Through the cooperation between monitoring subassembly, control subsystem, the self-adaptation regulating assembly for spinal muscle can exert accurate orthopedic torsion in the exact position in the developments, arouses the active contraction of patient's paraspinal muscle, increases muscle intensity, has improved the correction effect of brace.

In the present embodiment, the strap 6 is an adjustable strap; the back plate 11 is a light and hard plate; the fixing band 12 is a soft fixing band, and the end parts of the two ends of the fixing band 12 are fixed through the magic tapes 7. Compared with the traditional rigid brace, the brace system improves the concealment and direct perception, further reduces the mental pressure of a wearer, and reduces the occurrence of mental diseases.

Further, the monitoring component 2 comprises a gyroscope sensor, an inclination angle sensor, a distributed touch sensor and an attitude sensor; the gyroscope sensor is used for detecting the Cobb angle of the spine, the height difference of the lateral shoulder peak and the height difference of the anterior superior iliac spines on both sides; the inclination angle sensor is used for detecting the change of lordosis, kyphosis and scoliosis; the distributed tactile sensor is used for analyzing the size and the change of the spinal correction force; the posture sensor is attached to the waist and used for detecting the change of the human body acceleration signal.

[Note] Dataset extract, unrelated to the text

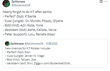 虎扑11月02日讯昨日KT晋级决赛,KT在2025全球总决赛里所使用过的英雄:
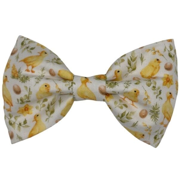 Spring has arrived and your pup deserves to celebrate in style. The Ruffle My Feathers Bowtie is a charming seasonal accessory that brings the sweet energy of Easter morning right to your dog’s collar. Featuring a watercolor print of fluffy ducklings, baby chicks, speckled eggs, and fresh green botanicals on a crisp white background, this bowtie is the kind of handmade treasure that makes every tail wag a little harder. Whether you are heading to an Easter egg hunt, a springtime brunch, or simply a neighborhood walk, your pup will be the most fashionable furball in the crowd.

According to the Hueter-Volkmann law, the brace conservative treatment provides a biomechanics three-point or four-point correction rule to achieve the purpose of correcting the lateral bulge. The determination of the brace model parameters is intended to collect dynamic three-dimensional kinematic data of the individual bones with a plurality of sensors (chest sensor, lumbar sensor, scapula sensor and humerus sensor) directly attached to the skin of the patient. The initial spinal information of the patient can be obtained more accurately in coordination with the exposure of the X-ray to determine the location of the point of application (Hueter-Volkmann's law, the epiphyseal pressure law, indicates that the bone growth is inhibited with increased pressure on the bone, and the bone growth is accelerated with decreased pressure on the epiphyseal, excessive pressure can inhibit epiphyseal growth, and tension on the epiphyseal can accelerate its growth).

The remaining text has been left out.